There is more in the works, too.
Remember the legwarmers I was not supposed to start? I did. But I showed me. I decided to double the Mission Falls 1824 Cotton I bought over at the Point. Since it was an unplanned acquisition, I will need four more balls to finish up the second one (first one started Thursday night, finished Saturday by the time Chaotic was over -- I have somewhat defected from the WB morning lineup, but that's really too painful for me to discuss now). I have to pop into Seaport Yarn tomorrow at lunch, so I'm hoping she has it. If not, it's a great excuse to go to the Point again (although I have a discount there that will automatically kicks in for this purchase and I'm loathe to use it to purchase four measly balls of 1824). I really want the second to be done yesterday, because I spent an hour last Saturday modeling just the one.

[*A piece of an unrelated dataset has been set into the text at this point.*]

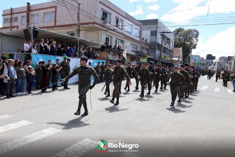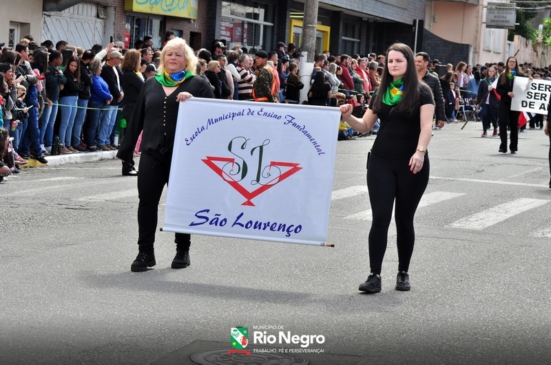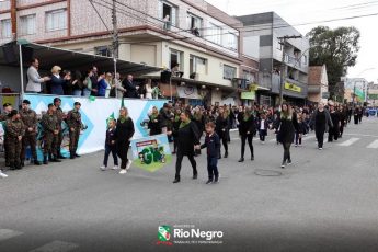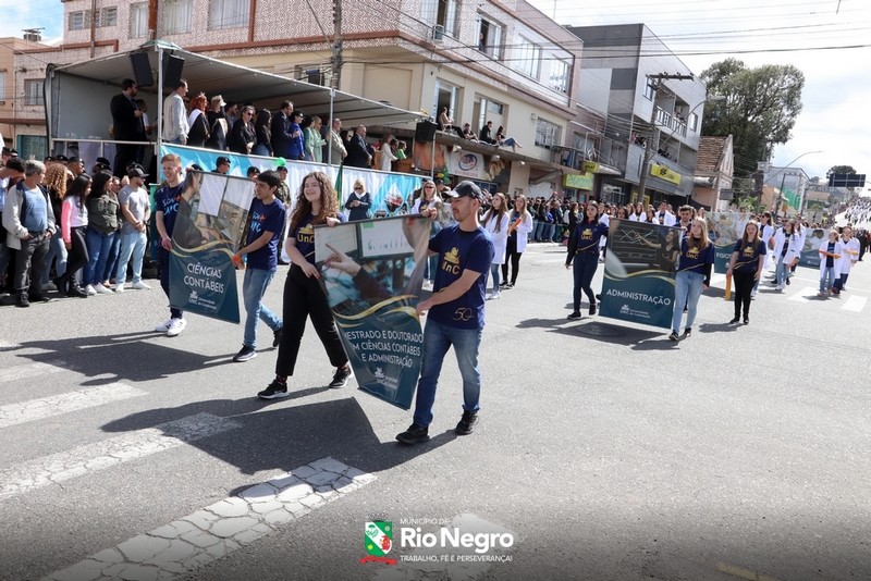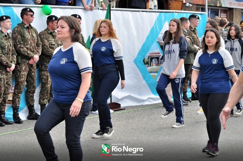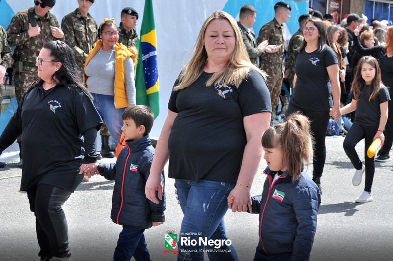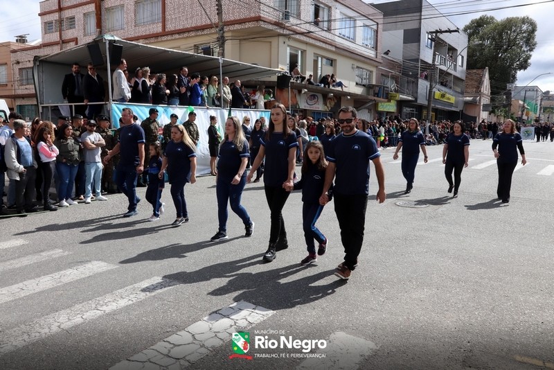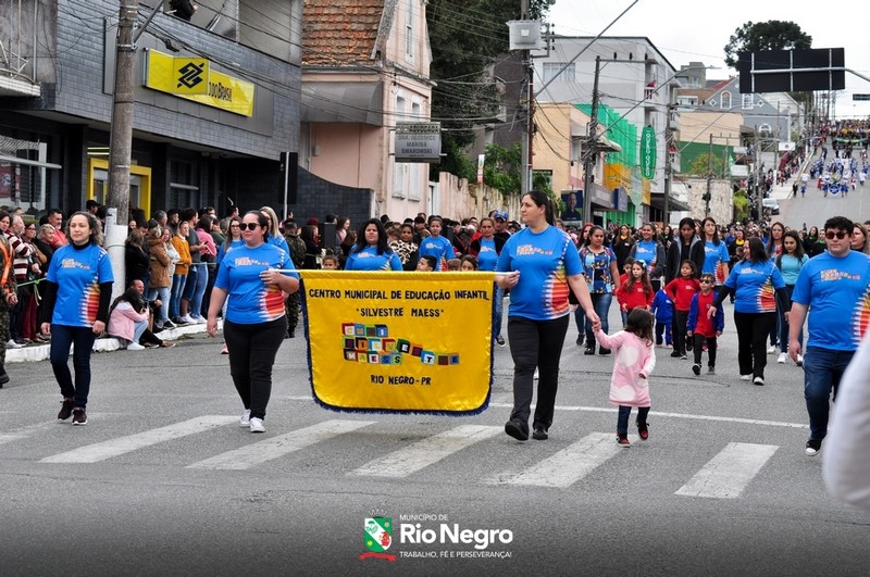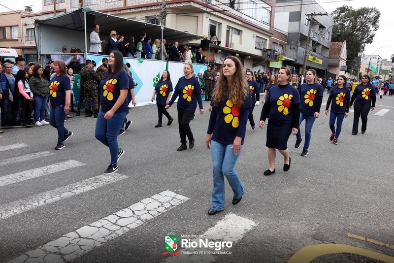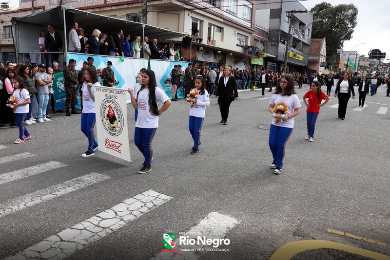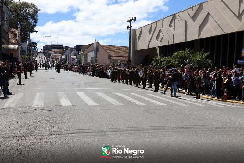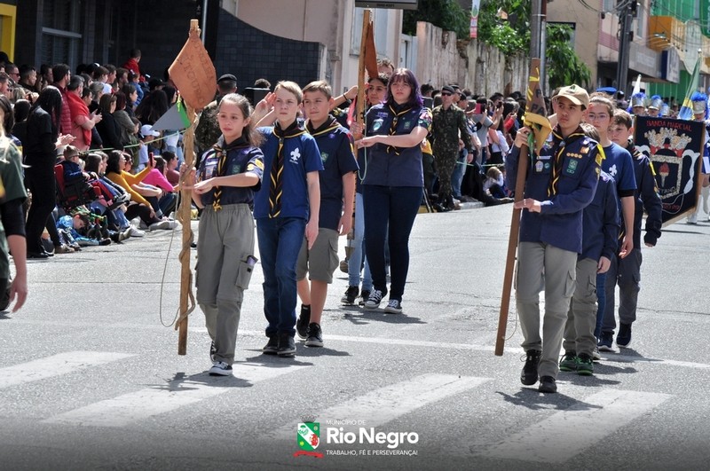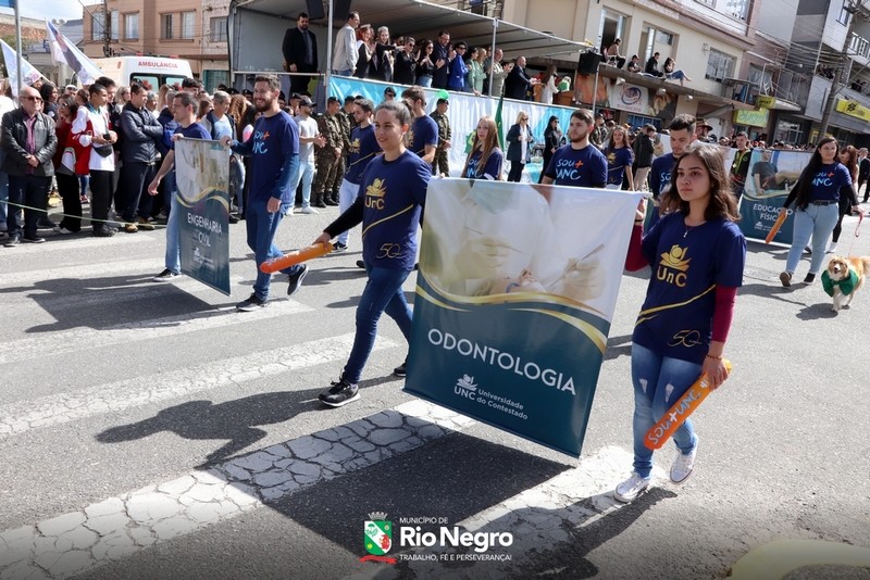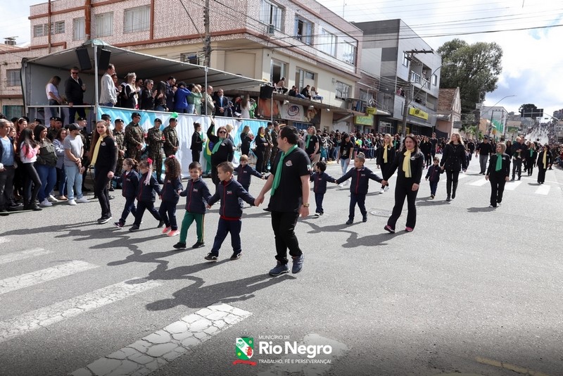 O desfile ocorreu na Rua Dr. Vicente Machado, em Rio Negro, com a participação de diversas escolas e entidades, inclusive de outros municÃpios da região. O evento foi organizado pela Prefeitura de Rio Negro, através da Secretaria Municipal de Educação e com o importante apoio do 5º Regimento de Carros de Combate.

Wednesday, January 24, 2007
One Down, One to Go
I'd like to pretend I've never fallen victim of that one sock curse. But somewhere in my apartment, stuffed into the back of my closet no doubt beneath the one bit of laundry I always refuse to do, hides a house sock made of springy, pink Rowan Calmer. Part of me knows I’d like to find that sock. I want the yarn back. I have things I can do with it.
But I don’t want to confront the sock because if I never find it again, it’s almost as if it never happened. I don’t have to question my judgment: a house sock? It is always three hundred degrees in this apartment summer or winter. And Calmer socks are too bulky to wear outside. What was I going to do with this sock other than nail it to the wall and stare at it? Besides, I was noodling and the pattern for sock one was on a receipt or something and I think my cat ate it and I don’t remember how many stitches I cast on and I don’t know which lace stitch I used for the bulk of the sock or what size needles or . . .

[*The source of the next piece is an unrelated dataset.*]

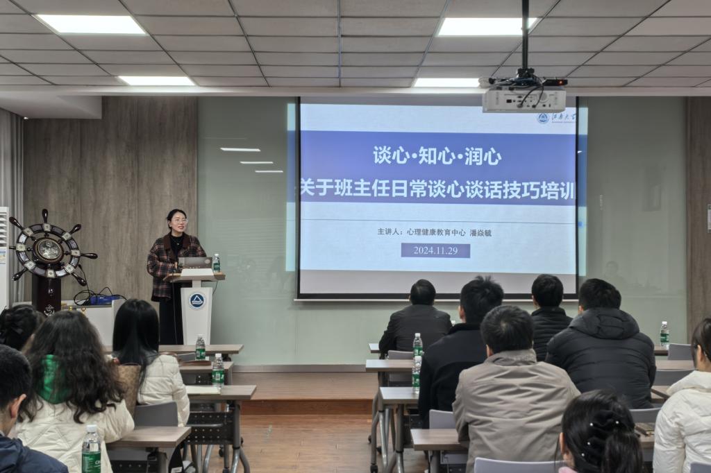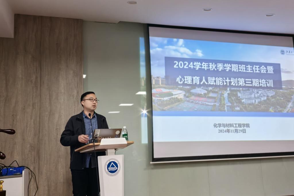 于11月29日下午在化工楼A316会议室开展班主任工作会议暨心理育人赋能计划第三期培训。学院党委书记潘庆伟,学工办主任、分团委书记鞠峰,校心理健康教育中心专职教师潘焱毓,学院全体辅导员和班主任参加本次活动。

Really, truly, likely I will not find the pattern again. (Yes, glove number one I am talking to you and I’m recording right now, for the record that you absolutely have to be on size four needles because I stopped working on you to cast on for Mom’s Christmas sweater. Or were you on two’s?) But I could figure out what I’d done. I could even [shudder] do a gauge swatch again. But we all know what one sock is about.
I admit it. I can’t commit. I dropped out of an MFA program one semester before completion because I despised it that much. I’ve worked my current unchallenging job for five years (without a raise, no less) because I’m terrified that I’ll go to law school and hate it and then what would I do?. You don’t drop out of law school owning people $60,000 in student loans. Besides, law school gets you a real job, not just a chance to get to be a waiter at Breadloaf so you can attend without paying. So I sit here surrounded by lawyers becoming more convinced by the day that I don’t want to be one, wondering if this is the kind of job you can do without being passionate about it. Or if you’re frustrated by the whole inefficiency that runs rampant through the field. Or what if you don’t want to work late all that often? And I still watch cartoons on the weekends so I cant work then and . . .
* In the interest of full disclosure, because a thigh-high stocking is, like, totally the length of three or four socks, Bottle reserves the right to consider a pair of socks finished even if second stocking on needles never progresses any further. Bottle further insists that in order for the seven inches of stocking currently on the needles to fit over her, err, dancer thighs, that there is so a sock's worth a knitting already there.